In conventional reservoirs, 2D-NMR fluids evaluation targets the free fluid part of the total porosity with the assumption that the bound fluid is irreducible water. As such, pulse sequences are designed for long relaxing fluids, and the interpretation commonly assumes free diffusion of hydrocarbon molecules in water-wet pores. This is clearly not appropriate for unconventional reservoirs such as shale gas and shale oil where the fast-relaxing fluids of interest reside in the bound fluid region.

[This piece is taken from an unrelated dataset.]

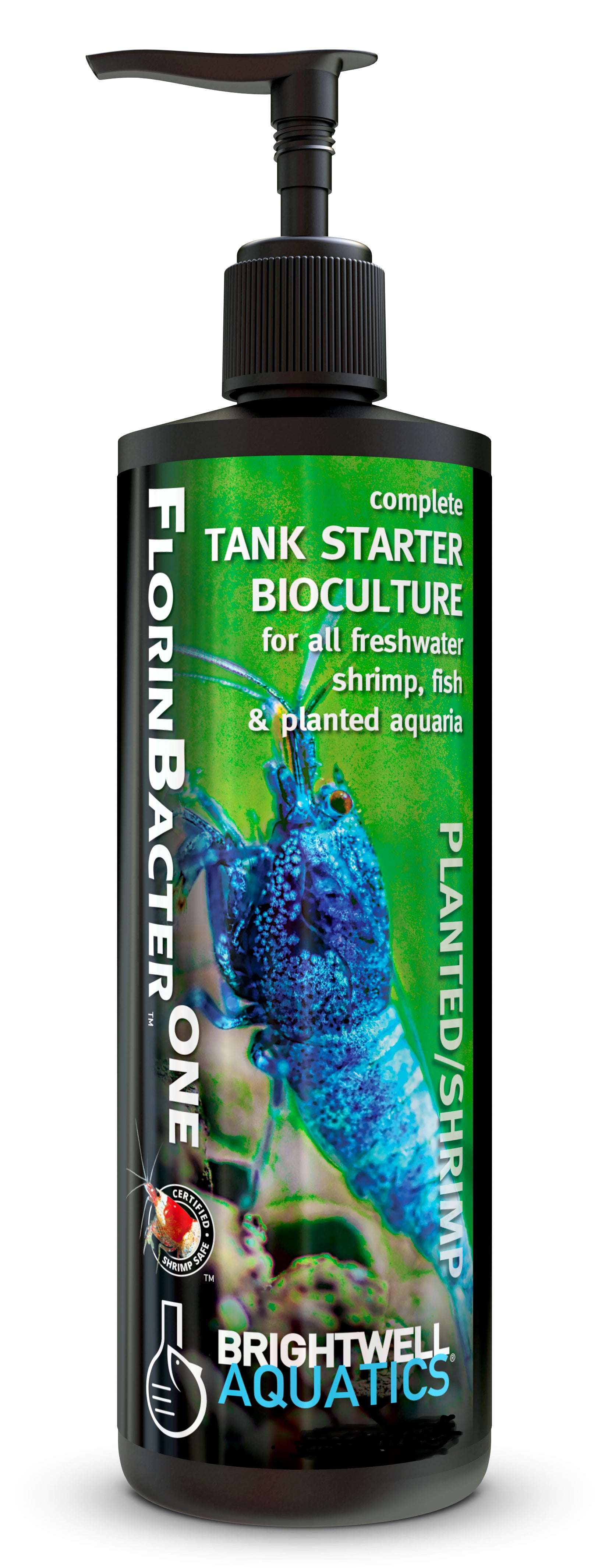 Brightwell Aquatics ShrimpFlorinBacterONE is a selective complex of extremely effective microbes and enzymes that rapidly reduces the concentrations of organic nitrogen, ammonia, nitrite, and nitrate in freshwater ecosystems, leading to greatly improved water quality; better water quality typically leads to healthier aquarium inhabitants. Use of ShrimpFlorinBacterONE does not alleviate the requirement for regular partial water changes to help maintain proper concentrations of elements that are vital to long-term health and survival of aquarium inhabitants. No product, regardless of manufacturer’s fatuous marketing claims, can do this. An aquarium is a living ecosystem and requires proper care by the aquarist; regular partial water changes constitute a large part of this care.

We show a revised 2D-NMR model that focus on fast relaxing fluids. In unconventionals, the three causes of fast relaxation are: small pore size, heavy oils and wettability alteration. The fast relaxation has the following consequences with respect to diffusion. In small pores, fluids cannot diffuse freely, and hence, the free diffusion lines of water, gas and oil must be corrected accordingly. In heavy oils, the oil relaxation can be enhanced by a wettability change to an oil/mixed-wet system. Another case of hydrocarbon-wet systems is hydrophobic kerogen. Consequently, the oil diffusion line as a function of viscosity (T2) must also be modified before the 2D map interpretation. This can be accomplished within the framework of the restricted diffusion model previously applied to water and gas that captures both the effects of surface relaxation and geometric restriction to molecular motion.

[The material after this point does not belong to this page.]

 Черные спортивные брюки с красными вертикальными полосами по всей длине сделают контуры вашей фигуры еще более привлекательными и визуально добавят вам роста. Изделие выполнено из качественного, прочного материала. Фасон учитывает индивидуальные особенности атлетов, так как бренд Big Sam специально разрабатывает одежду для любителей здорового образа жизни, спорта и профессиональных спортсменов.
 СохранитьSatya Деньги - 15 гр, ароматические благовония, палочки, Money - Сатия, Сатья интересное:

The results of the revised 2D-NMR model are shown through modeling and log examples in a shale gas reservoir and a shale oil reservoir. In real rocks, there is also a need to take into account simultaneously two models: an unconventional model as described above and a conventional model for long relaxing fluids associated with the matrix of the rock. The 2D-NMR log results are compared with lab results. Essentially, we show that adding diffusion and T1 information to standard T2 relaxation logs improves both the understanding and evaluation of unconventional reservoirs.